====== RECORDS SUPPLIED
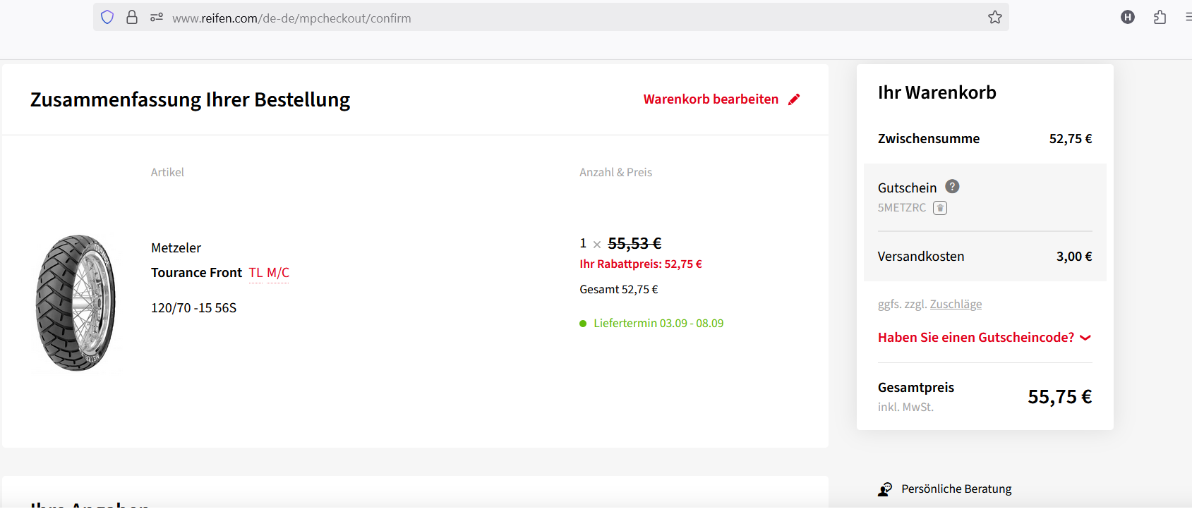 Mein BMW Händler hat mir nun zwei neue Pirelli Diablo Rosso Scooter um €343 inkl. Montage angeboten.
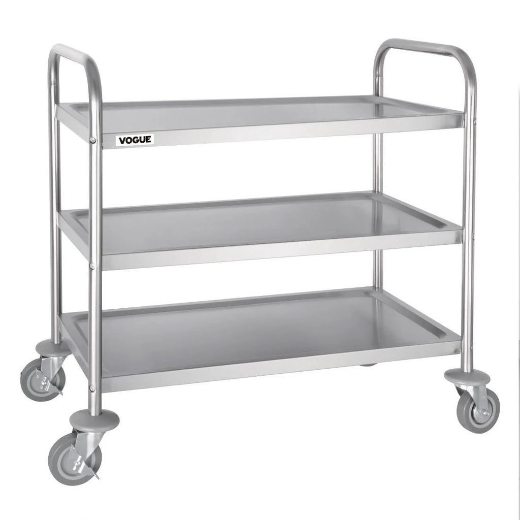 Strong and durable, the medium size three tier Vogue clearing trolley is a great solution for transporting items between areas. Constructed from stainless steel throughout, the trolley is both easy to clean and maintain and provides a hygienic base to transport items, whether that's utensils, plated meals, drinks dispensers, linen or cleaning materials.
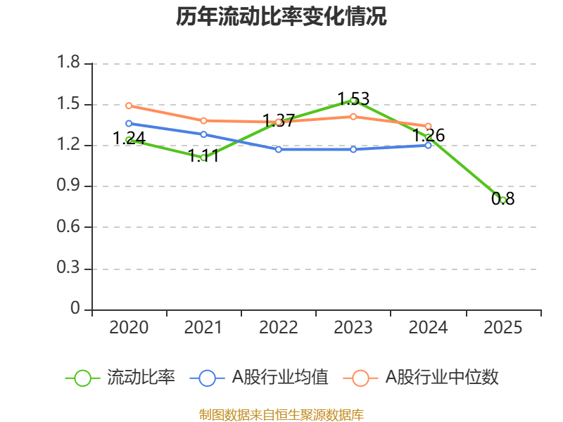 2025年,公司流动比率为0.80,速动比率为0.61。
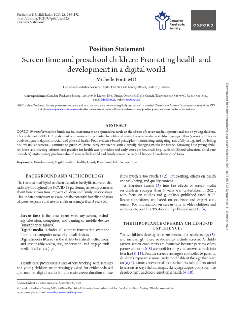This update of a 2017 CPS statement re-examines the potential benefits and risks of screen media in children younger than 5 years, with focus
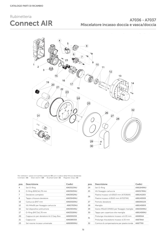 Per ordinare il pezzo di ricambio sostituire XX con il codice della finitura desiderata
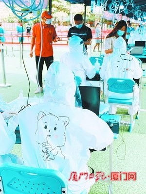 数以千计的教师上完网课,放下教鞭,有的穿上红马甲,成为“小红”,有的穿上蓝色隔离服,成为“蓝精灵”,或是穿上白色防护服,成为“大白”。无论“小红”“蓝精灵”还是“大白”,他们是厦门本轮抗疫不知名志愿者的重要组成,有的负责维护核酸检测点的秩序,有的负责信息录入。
============
WHAT TO WORK ON - Write out, word for word, the line containing "2025年,公司流动比率为0.80,速动比率为0.61。" and each line after it to the end of the data, and nothing more. Drop the pictures.

TASK ANSWER -
 2025年,公司流动比率为0.80,速动比率为0.61。
This update of a 2017 CPS statement re-examines the potential benefits and risks of screen media in children younger than 5 years, with focus
 Per ordinare il pezzo di ricambio sostituire XX con il codice della finitura desiderata
 数以千计的教师上完网课,放下教鞭,有的穿上红马甲,成为“小红”,有的穿上蓝色隔离服,成为“蓝精灵”,或是穿上白色防护服,成为“大白”。无论“小红”“蓝精灵”还是“大白”,他们是厦门本轮抗疫不知名志愿者的重要组成,有的负责维护核酸检测点的秩序,有的负责信息录入。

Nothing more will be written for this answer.